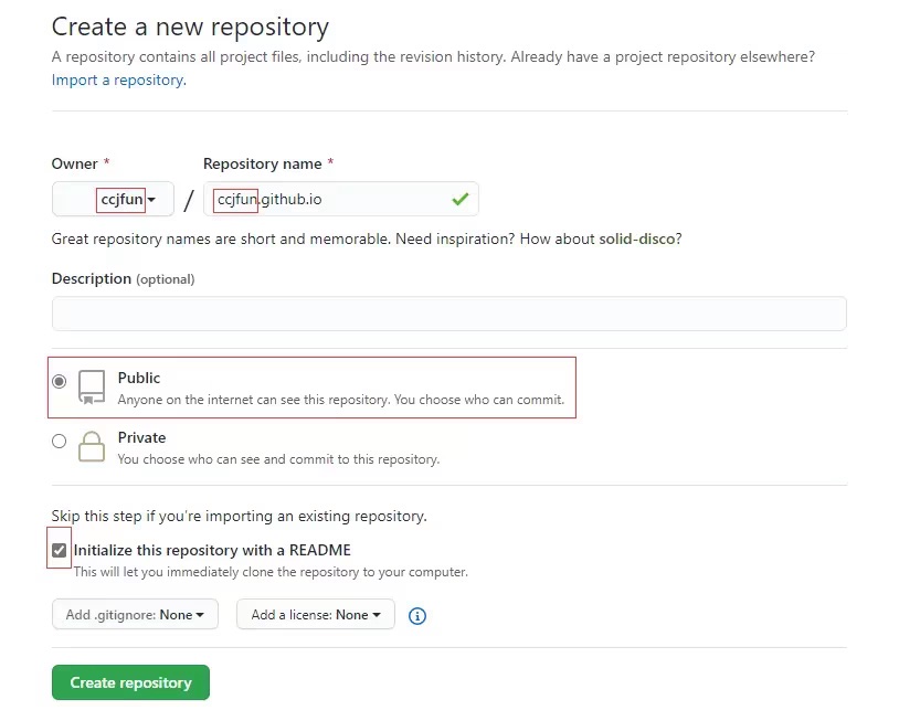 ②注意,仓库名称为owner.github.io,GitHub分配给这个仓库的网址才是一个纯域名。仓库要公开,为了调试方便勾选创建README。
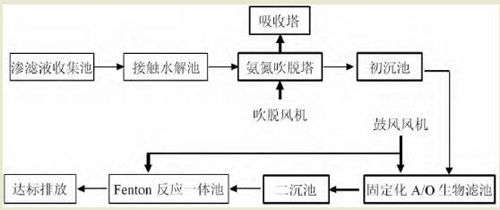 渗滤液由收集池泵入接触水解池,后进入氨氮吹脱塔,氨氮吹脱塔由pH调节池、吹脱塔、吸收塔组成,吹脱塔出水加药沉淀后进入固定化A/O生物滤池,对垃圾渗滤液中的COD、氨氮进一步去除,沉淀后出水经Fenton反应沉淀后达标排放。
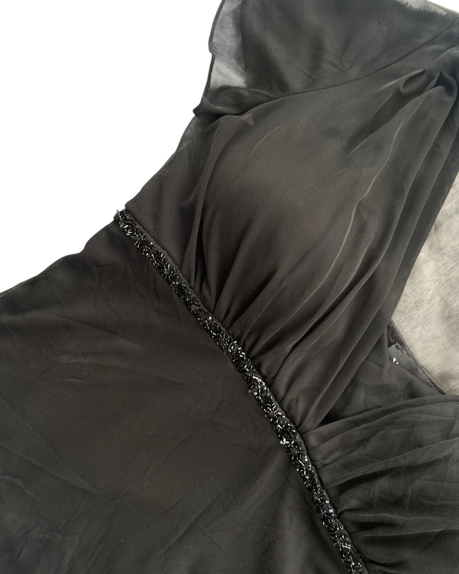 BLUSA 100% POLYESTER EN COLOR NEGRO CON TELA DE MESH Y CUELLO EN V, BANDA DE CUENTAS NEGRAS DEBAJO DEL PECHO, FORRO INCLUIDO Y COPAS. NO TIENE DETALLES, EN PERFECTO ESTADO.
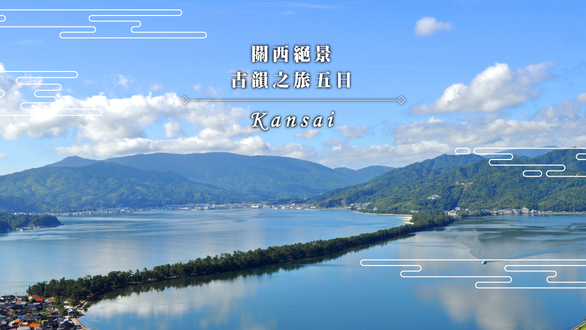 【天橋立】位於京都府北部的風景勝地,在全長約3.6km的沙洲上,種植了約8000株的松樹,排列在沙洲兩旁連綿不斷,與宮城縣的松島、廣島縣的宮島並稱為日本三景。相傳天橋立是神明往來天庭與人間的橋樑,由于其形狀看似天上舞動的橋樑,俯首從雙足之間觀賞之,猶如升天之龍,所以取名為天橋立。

*EXERCISE REQUIREMENTS*:
Reproduce the material exactly; keep pictures out.

*ANSWER*:
 ②注意,仓库名称为owner.github.io,GitHub分配给这个仓库的网址才是一个纯域名。仓库要公开,为了调试方便勾选创建README。
 渗滤液由收集池泵入接触水解池,后进入氨氮吹脱塔,氨氮吹脱塔由pH调节池、吹脱塔、吸收塔组成,吹脱塔出水加药沉淀后进入固定化A/O生物滤池,对垃圾渗滤液中的COD、氨氮进一步去除,沉淀后出水经Fenton反应沉淀后达标排放。
 BLUSA 100% POLYESTER EN COLOR NEGRO CON TELA DE MESH Y CUELLO EN V, BANDA DE CUENTAS NEGRAS DEBAJO DEL PECHO, FORRO INCLUIDO Y COPAS. NO TIENE DETALLES, EN PERFECTO ESTADO.
 【天橋立】位於京都府北部的風景勝地,在全長約3.6km的沙洲上,種植了約8000株的松樹,排列在沙洲兩旁連綿不斷,與宮城縣的松島、廣島縣的宮島並稱為日本三景。相傳天橋立是神明往來天庭與人間的橋樑,由于其形狀看似天上舞動的橋樑,俯首從雙足之間觀賞之,猶如升天之龍,所以取名為天橋立。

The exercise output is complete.